Die Abfahrt war unglaublich. Ein Schnee – ein Pulver – Japow! Wir hielten uns in etwa an die Aufstiegsspur, fuhren aber unten nicht den Cat Track, sondern im Bachbett bis zur Gondelbergstation. Nach der Abfahrt ging es natürlich erstmal zu Jacky’s!
Tag 10
Nachdem es schon am Vortag wettertechnisch wieder schlecht geworden war, ging es zurück ins Skigebiet – diesmal (endlich) Happo One. Alle Lifte waren geöffnet und wir konnten die vielen Pisten ausprobieren. Tiefschnee findet man hier allerdings nur, wenn man zu Fuß das Skigebiet nach oben verlässt (Antrag nötig).
Tag 11
An unserem letzten Tag wollten wir bei gutem Wetter noch einmal unser Glück in Hakuba 47/Goryu versuchen. Um sicher zu gehen, fuhren wir diesmal direkt nach Goryu, was uns außerdem eine entspannte Fahrt brachte, da die Meisten den Bus nach Hakuba 47 nehmen. Dank offener Lifte und Pisten war das Skigebiet deutlich spannender als beim ersten Mal. Insgesamt ein guter Tag, auch wenn wir uns die Abfahrt nach links aus dem Skigebiet nicht trauten, da wir nicht wissen wo man am Ende landet und wie man wieder zurück kommt.
Die Rückfahrt
Am nächsten Tag ging es dann per Bus wieder zurück nach Tokyo. Kaum hatten wir Hakuba verlassen hatte es wieder deutliche Plusgrade und keinen Krümel Schnee, dafür endlich wieder Sonne!

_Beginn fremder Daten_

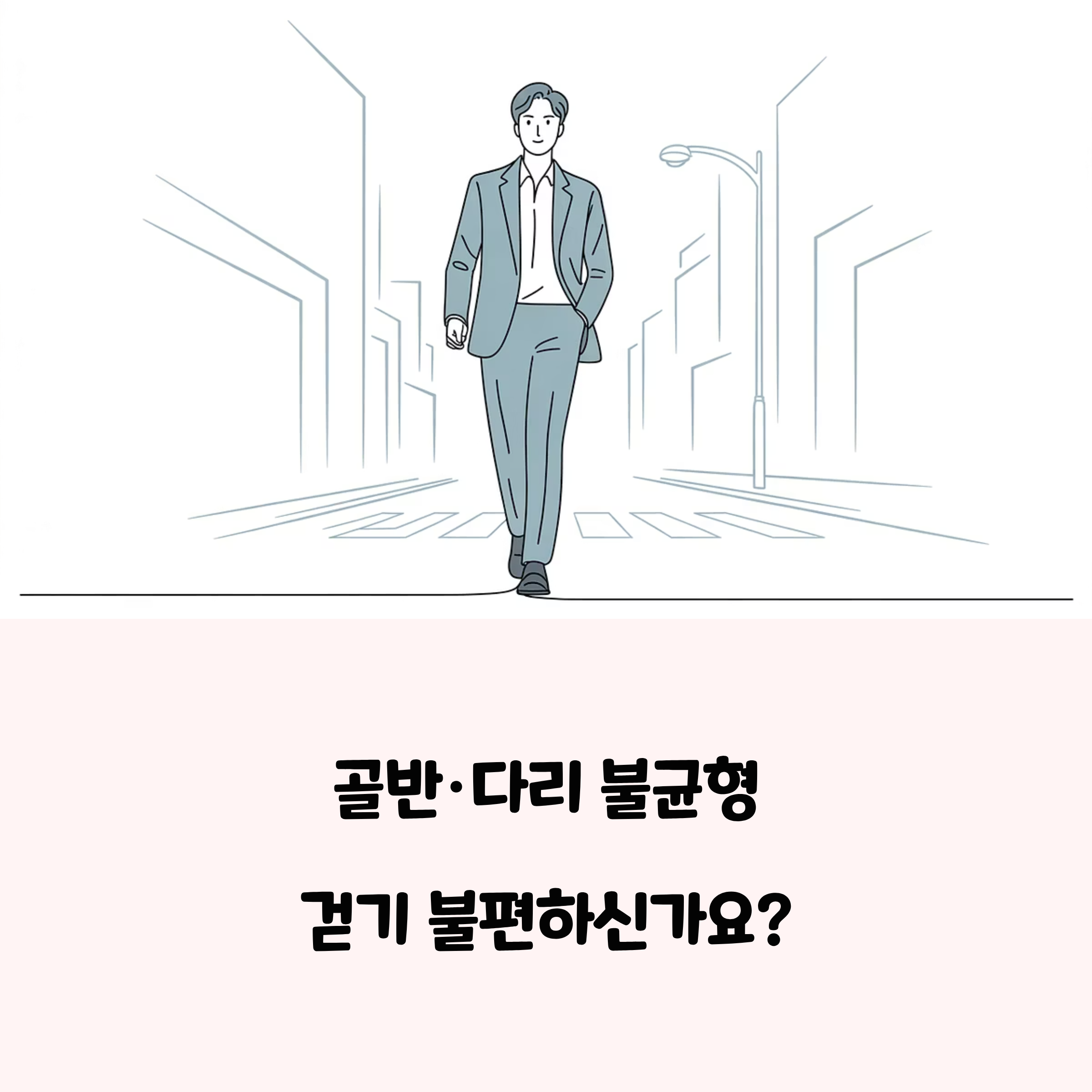 생활 속 한쪽 다리로 체중 싣기, 짝다리 자세, 일상적인 앉은 자세의 불균형 등이 누적되면 골반이 틀어지며 다리 길이 차이가 1~2cm까지 날 수 있습니다. 이는 한쪽의 근육 단축, 인대 불균형, 고관절의 회전 등 복합 문제와 연결되어 걷는 자세, 신체 중심, 균형 모두를 흐트러뜨릴 수 있습니다.

Um keinen Stress zu haben, verbrachten wir noch einen Nachmittag und eine Nacht in Tokyo. Den Nachmittag verbrachten wir damit Ansichtskarten zu schreiben, einen Geldautomaten zu finden, der weniger als 10.000Y Mindestgeldmenge ausspuckt (VISA unmöglich, Mastercard möglich) und den angeblich besten Burgerladen in Tokyo zu besuchen, auch weil wir Lust auf Pommes hatten. Am Ende waren das die teuersten Pommes unseres Lebens – 20 Stück für 5€. Am nächsten Tag flogen wir dann direkt zurück nach München. Hierbei nahmen es die Japaner sehr genau mit den Lawinenrucksäcken, so dass wir letztlich fast unsere gesamten Koffer am Gepäckschalter entleert haben, bis alle zufrieden waren. Ansonsten war das Skigepäck, wie auch bei der Hinreise, kein Problem.
Fazit
Die Skigebiete in Hakuba sind im Gegensatz zu ihren österreichischen Pendants sehr klein, relativ flach und einfach ausgestattet. Sessellifte ohne Sicherheitsbügel gehören hier noch zum Standard, wenige Hänge wurden von Bäumen befreit. Das macht aber auch einen Teil des Charmes dieser Gebiete aus. Was dagegen etwas stört sind die fehlenden Verbindungen der Skigebiete untereinander, obwohl sie oftmals nur einen Hang voneinander entfernt sind. Dies hat zur Folge, dass man sich in viel zu kleine Busse quetschen muss, deren Fahrpläne untereinander kaum abgestimmt sind. Dennoch sind die Preise nahe dem österreichischen Niveau. Ebenfalls störend sind die meist Snowboard fahrenden Australier, die mit ihrer lauten Art im krassen Gegensatz zum leisen Japan stehen.
Was jedoch kein anderer Ort auf der Welt bieten kann, ist dieses Wetter und dieser Schnee. Die Luftigkeit und Menge der weißen Pracht, die tagtäglich kontinuierlich vom Himmel fällt ist berauschend und bezaubernd. Vielleicht muss man einfach eine etwas bessere Zeit finden, um dieses weiße Wunder etwas ungestörter genießen zu können. Einmal im Leben muss man es sich angeschaut haben.
Soweit zu unserem „Ausflug“ nach Japan, um den legendären Japow zu finden. Gefunden haben wir ihn, aber aufgrund der vielen anderen Suchenden leider viel weniger, als möglich. Wer also sicher gehen möchte immer besten Schnee zu haben, der sollte auf jeden Fall Skitouren gehen.